## Stored items
=====

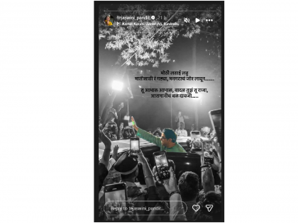 तेजस्विनीने राज ठाकरे यांचा एक रुबाबदार फोटो आपल्या सोशल मीडिया स्टेटसवर ठेवला आहे. या फोटोला तिने अतिशय अर्थपूर्ण अशा गाण्याच्या ओळींचे कॅप्शन दिले आहे. "मोठी लढाई लढू... मातीसाठी रं गड्या... मनगटाचा जोर लावून... तू आभाळ आभाळ, वादळ तुझं तू राजा... आसमानीच बळ दावजी…".या ओळींमधून तिने राज ठाकरे यांच्या नेतृत्वावर आपला विश्वास व्यक्त केला आहे.
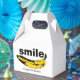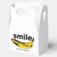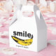 Graphic art: Banana orientated to form a smile + small text between brackets: (is good for health). Perfect for anyone who keeps smiling year after year. Design on cube favour box. You can easily add text and change font, colour, size and position by clicking the customise button. Available in take-out favour box for texts for birthday to customise. Matching birthday invitation, birthday guest books (hard cover and spiral notebook), birthday paper napkin, paper plate and more...
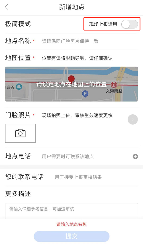 4、若上报地点时正在店面,选择“现场上报适用”,然后将“地点名称”、“门脸照片”等信息填好后提交,并等待审核。
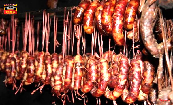 Lạp xưởng sau khi ướp gia vị được đem treo gác bếp, hun khói từ củi rừng tạo ra mùi thơm đặc trưng không lẫn vào đâu được. Quá trình gác bếp không chỉ giúp lạp xưởng khô tự nhiên mà còn thấm đẫm hương khói, tạo nên vị ngon đặc biệt.
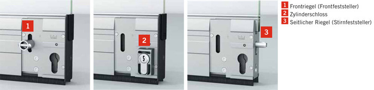 Das 3-in-1-Multilock-Bauteil bietet drei Möglichkeiten zur sicheren Verriegelung: den Frontriegel, den seitlichen Riegel und das Zylinderschloss.
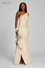 Teri Jon One Shoulder Jacquard Evening Gown 217028
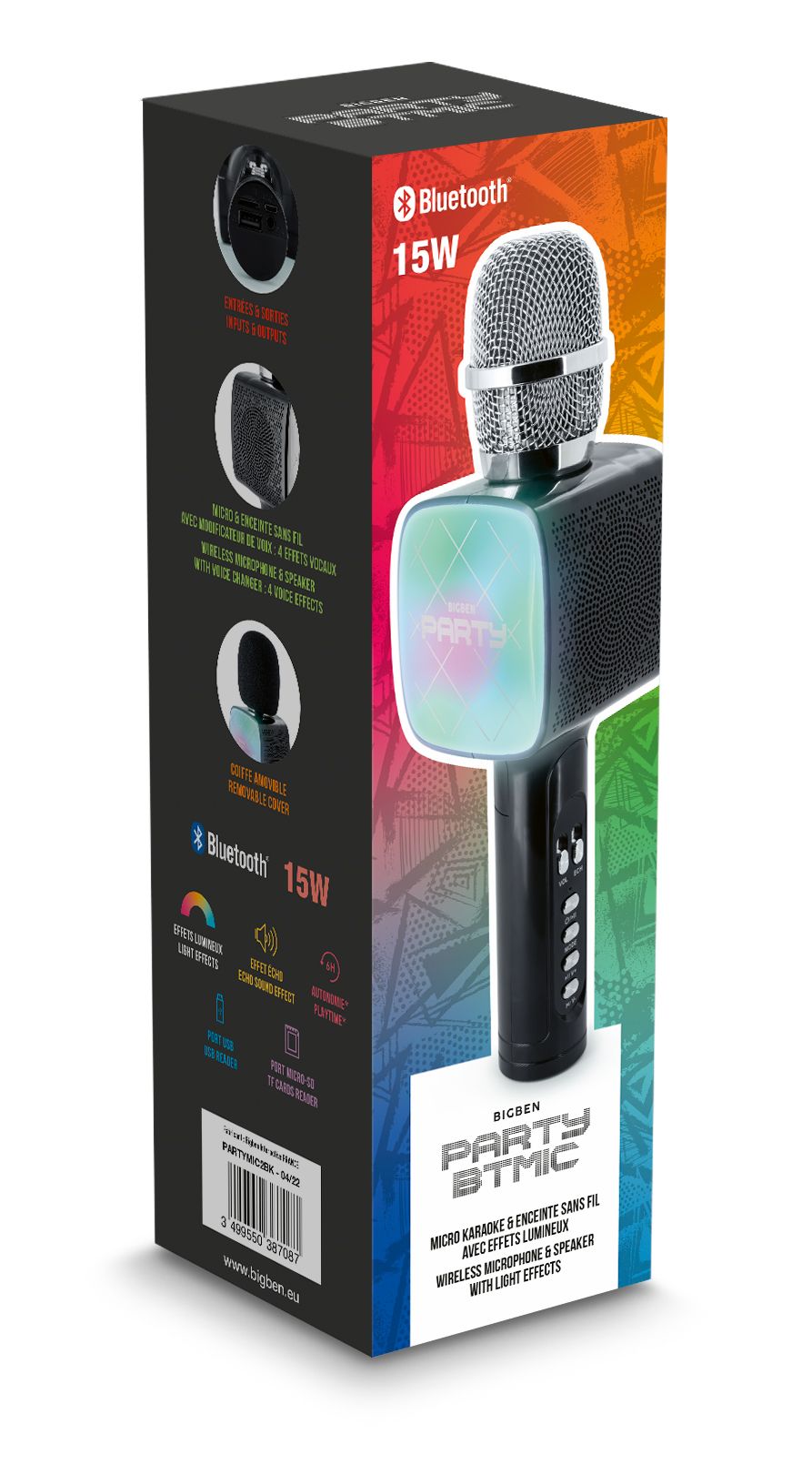 Bigben Party Karaoke Microfoon Bluetooth &Led - Black
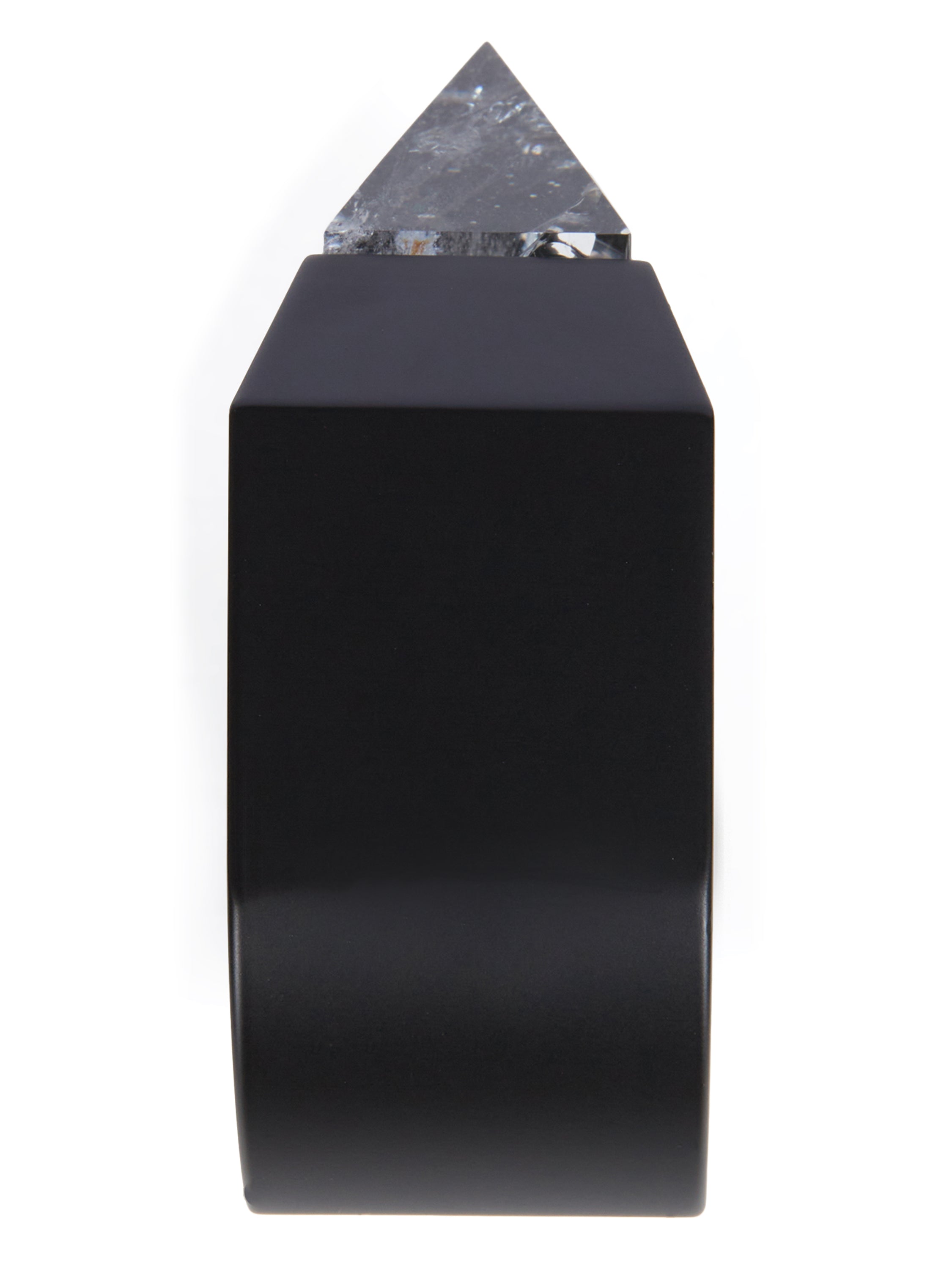 THIS CRYSTAL PYRAMID BRACELET IS A LARGE RIGID METAL CUFF WITH BEVELED EDGES. IT IS ORNAMENTED WITH A LARGE PYRAMID SHAPED ROCK CRYSTAL. IT HAS THE RICK OWENS LOGO ENGRAVED IN THE SIDE FACE.
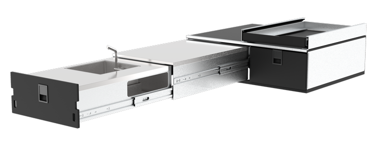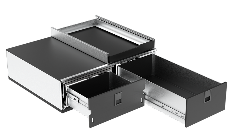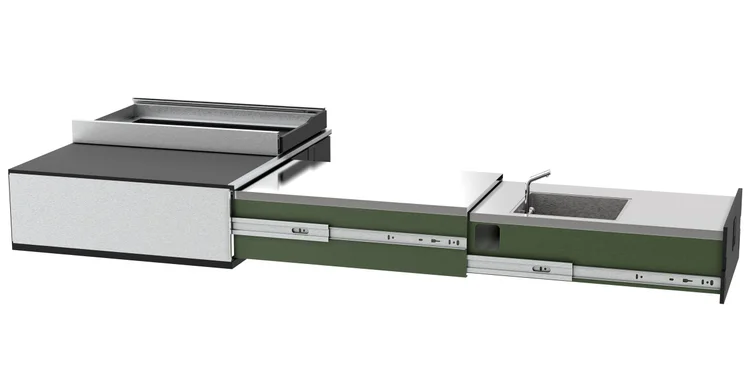 Features | Dual pull-out drawers, integrated stove platform, and fold-out prep wings |
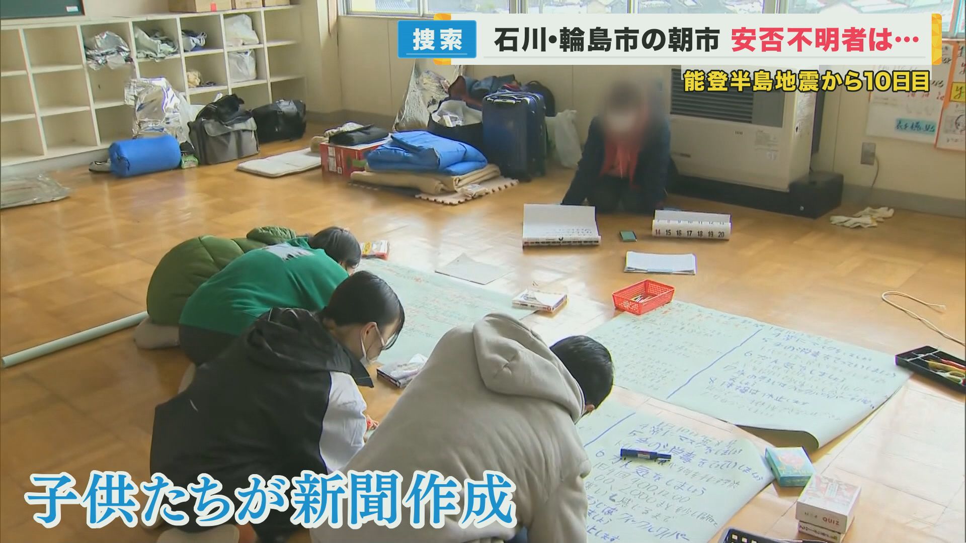 珠洲市の避難所では子供たちが、集団生活に必要な情報をまとめた新聞を作成しています。うがいや定期的な換気などの感染症対策や、ストレッチをして身体を動かすことなどを呼びかけています。
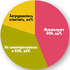 Как выяснилось в результате исследования, проведенного Hydrasight, компании довольно четко подразделяются на те, которые активно ведут внедрение сервисно-ориентированной архитектуры, и те, которые даже не планируют этого делать. Проведенный опрос ИТ-менеджеров показал, что 44% компаний уже используют SOA, а 35% не имеют к ней никакого интереса. Еще 20%, как ни странно, затруднились дать ответ. Помимо этого, компании выразили неуверенность в зрелости и надежности решений; 41% утверждают, что применяемые технологии являются незрелыми. Впрочем, почти все уверены, что к 2009 году ситуация изменится в лучшую сторону. Очевидно, на сегодняшний день существует ряд первопроходцев SOA, в целом довольных своим опытом.

=====

## TRY IT
An exact copy is needed of the stretch above that opens with the line containing "Teri Jon One" and closes with the line containing "珠洲市の避難所では子供たちが"; the pictures are not part of it.

## OUTPUT FOR THIS EXERCISE
 Teri Jon One Shoulder Jacquard Evening Gown 217028
 Bigben Party Karaoke Microfoon Bluetooth &Led - Black
 THIS CRYSTAL PYRAMID BRACELET IS A LARGE RIGID METAL CUFF WITH BEVELED EDGES. IT IS ORNAMENTED WITH A LARGE PYRAMID SHAPED ROCK CRYSTAL. IT HAS THE RICK OWENS LOGO ENGRAVED IN THE SIDE FACE.
 Features | Dual pull-out drawers, integrated stove platform, and fold-out prep wings |
 珠洲市の避難所では子供たちが、集団生活に必要な情報をまとめた新聞を作成しています。うがいや定期的な換気などの感染症対策や、ストレッチをして身体を動かすことなどを呼びかけています。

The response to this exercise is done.